Lye was very popular as an instructor of children, and was singularly successful in catechising them. Edmund Calamy the Younger writes that he was taken by his mother to Dyers' Hall to be catechised by ‘good old Mr. Thomas Lye... she having been herself catechised by him in her younger years.’ He probably kept a school at his house in Clapham. He died at Bethnal Green on 7 June 1684, and was buried at Clapham on 11 June. His wife Sarah had predeceased him in September 1678. In his will he left property to his two daughters, Sarah and Mary, all that survived of a large family. On the title-page to the ‘Farewell Sermons of the Ejected Ministers,’ London, 1662, is a small portrait of Lye, with thirteen others. Wood pronounces it ‘very like him.’ Lye's books were sold by auction in London in November 1684.

==Writings==
Lye published funeral sermons on Mrs. Elizabeth Nicoll, 1660, and on W. Hiett, 1681. Many sermons by him appear in the various editions of the Morning Exercises.
He also wrote:
- ‘The Fixed Saint,’ 1662, printed also in ‘The London Ministers' Legacy,’ 1662, and in ‘Collection of Farewell Sermons,’ 1663, 1816.
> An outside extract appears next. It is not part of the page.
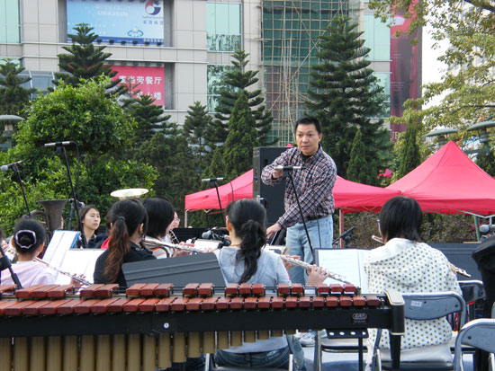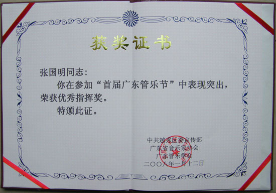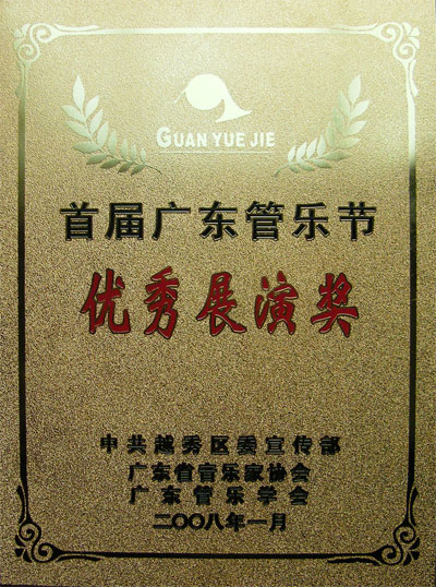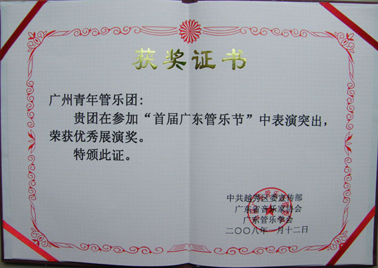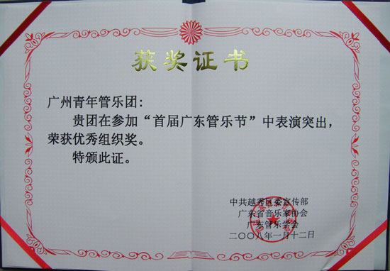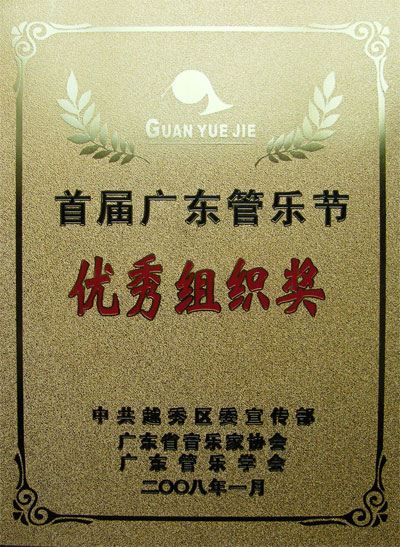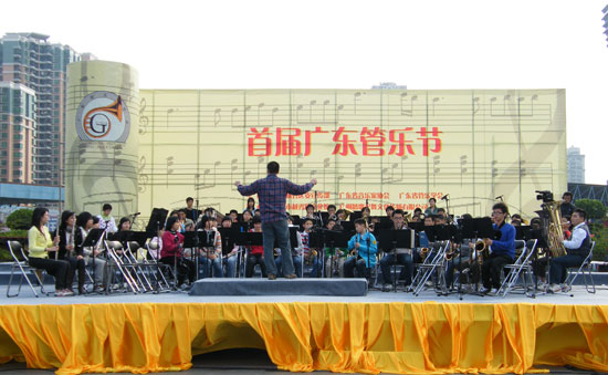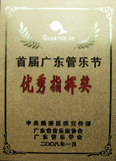 1月13 日下午,青宫的青年管乐团参加了广东省首届管乐艺术节广东省优秀管乐团队的展演活动。此次演出在英雄广场举行,青年管乐团的演出不仅受到群众的欢迎,而且得到了同行、专家的肯定。省管乐协会会长席伟泷向青年管乐团颁发了“优秀展演奖”和“优秀组织奖”,乐团指挥张国明先生获得“优秀指挥奖”。

- ‘Plain and Familiar Method of Instructing the Younger Sort according to the Lesser Catechism of the Assembly of Divines,’ 1673.
- ‘A new Spelling Book,’ 1674, 1677.
- ‘The Child's Delight,’ about 1674, 1684. Wood says it was several times reprinted.
- ‘The Assemblies Shorter Catechism drawn out into distinct Propositions,’ 1674.
- ‘Explanation of the Shorter Catechism,’ 1675, 1676, 1683, 1688, 1689.
- ‘The Principles of the Christian Religion, in a short Catechism,’ 1706.